Japan's Nikkei average broke above 8,800 for the first time in five weeks on Thursday, as sentiment was buoyed by a softer yen after the US Federal Reserve held back from more aggressive stimulus steps to prop up the economy. Shrugging off a survey showing China's vast manufacturing sector slowing for the eighth straight month, the Nikkei rose 0.8 percent to 8,824.07, driven by exporters, such as Honda Motor Co Ltd, up 3.5 percent, and Canon Inc, adding 1.4 percent.
The Fed disappointed some investors by delivering only a limited expansion of monetary stimulus on Wednesday. It extended its "Operation Twist" beyond its original June expiration to the end of the year to boost the flagging US recovery. It also cut its GDP growth estimates for the year.

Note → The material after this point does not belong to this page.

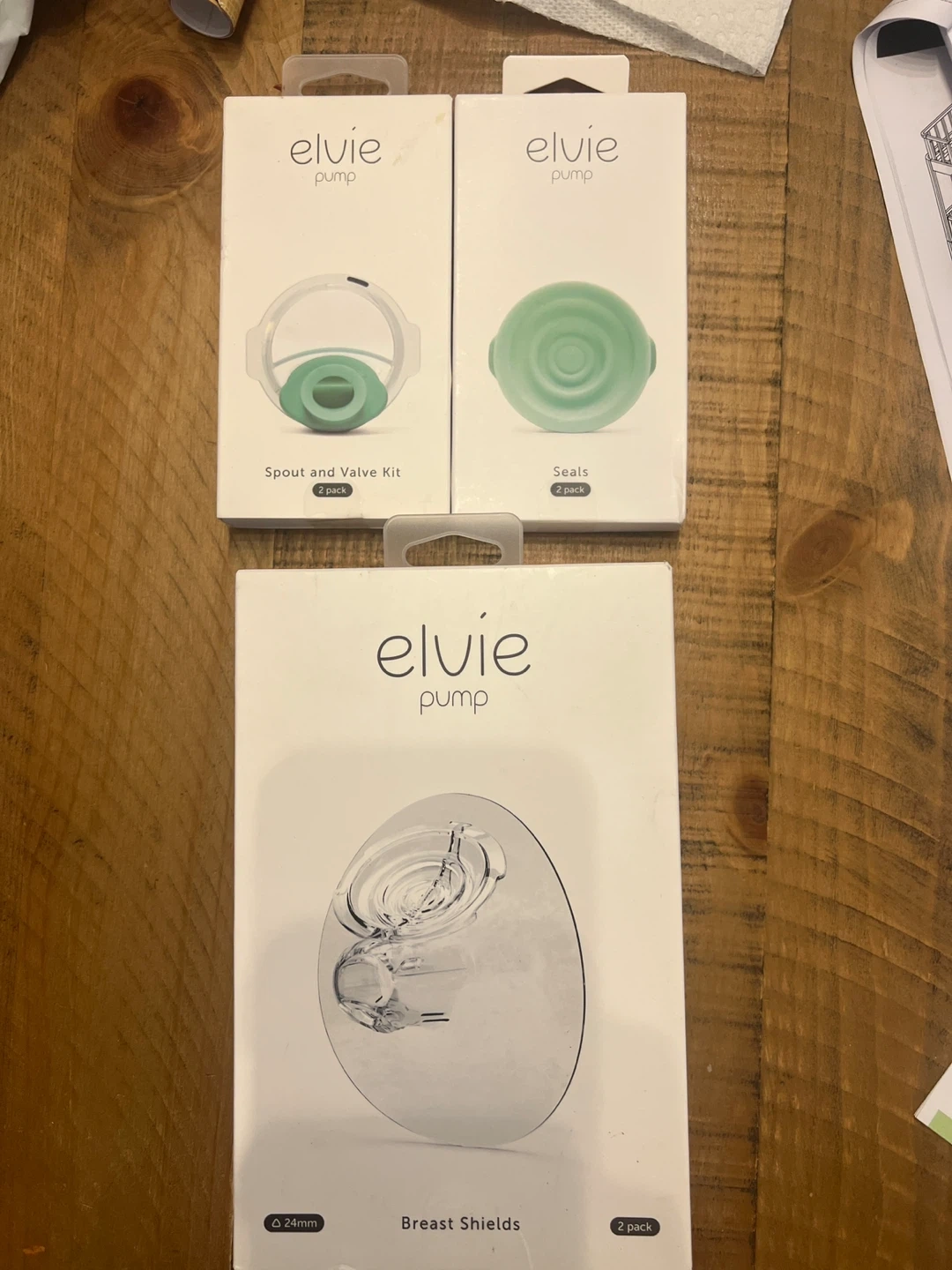 I'm selling Elvie pump accessories, including a spout and valve kit (2 pack), seals (2 pack), and 24mm breast shields (2 pack) Get all the essential parts you need for your Elvie pump!

"The fact they eased at all is a plus for the US economy, while holding off on QE3 is good for the Japanese market as it didn't strengthen the yen," said Hideyuki Ishiguro, assistant manager of investment strategy at Okasan Securities. New York-based equity index provider MSCI maintained South Korea and Taiwan in its "emerging market" category on Thursday, dashing hopes of an upgrade. Some investors expecting an upgrade had sold Nikkei futures in the run-up to the decision on the assumption it would draw attention away from the Japanese market, but were forced to cover their short-bets.

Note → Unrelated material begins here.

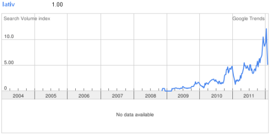 之前有觀察過google trend中的lativ,從2008年末開始在網路搜尋有明顯的查詢量,如今再一次查詢:

The benchmark Nikkei hit its highest closing level since May 17 and has recovered 7 percent from a six-month low on June 4. However, it is still down 12.5 percent on the quarter, weighed by concerns about a deepening euro zone sovereign debt crisis and slowing growth in the United States and China.
Foreign investors were net buyers of Japanese shares last week after eight straight weeks of net selling, data from Japan's Ministry of Finance showed. Foreign investors bought 58.8 billion yen ($740.93 million) of Japanese equities. "Japanese investors are also coming back to the market. Last week we saw buying from Japanese trust banks," said Jun Yunoki, equity analyst at Nomura.

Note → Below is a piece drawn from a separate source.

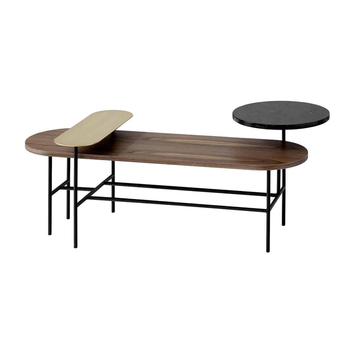 Create a style statement in your living space with the Palette rectangular lounge table from & Tradition. Designed by Jaime Hayon, and inspired by Alexander Calder's kinetic sculptures, it combines a series of multi-tiered tables of varying shapes, sizes, colours and materials. The base is made from welded and powder coated steel tubes, and the table top is made from laser cut stain polished brass, polished marble and a choice of stained ash or walnut veneer. Key features: * Lounge table * Material: brass, Nero Marqina marble, lacquered walnut * Frame material: powder coated steel * Dimensions: D115.2xW67.8xH47cm * Weight: 19kg * Fitted with plastic gliders * Designed by Jaime Hayon

Index heavyweight Softbank Corp climbed 2.9 percent to its highest close in nine months, with a trader citing the mobile operator's ability to further improve its network quality and handset line-up. The broader Topix advanced 0.9 percent to 753.96. Nearly 1.79 billion shares changed hands on the Topix, up from Wednesday's 1.53 billion and last week's average of 1.46 billion.
Renesas Electronics Corp advanced 3.1 percent after sources said its major shareholders had agreed to provide the loss-making chipmaker with 50 billion yen towards its restructuring. The stock has gained nearly 69 percent since hitting a record low on May 29, although it is still down 29 percent this year. Short interest in Renesas remained high, with 90.92 percent of the stock that is available to be borrowed out on loan as of June 19, down from 90.03 percent on June 14, data from research firm Data Explorers showed.
Shares of Hitachi Ltd and NEC Corp were down 0.2 and 0.8 percent, respectively, while Mitsubishi Electric Corp added 1.1 percent. Mitsubishi Heavy Industries Ltd eased 0.6 percent, extending the previous session's 3.1 percent fall after a US court said the Japanese firm was responsible for a nuclear plant leak at a California nuclear power plant, as it did not properly test the pipes before installing them.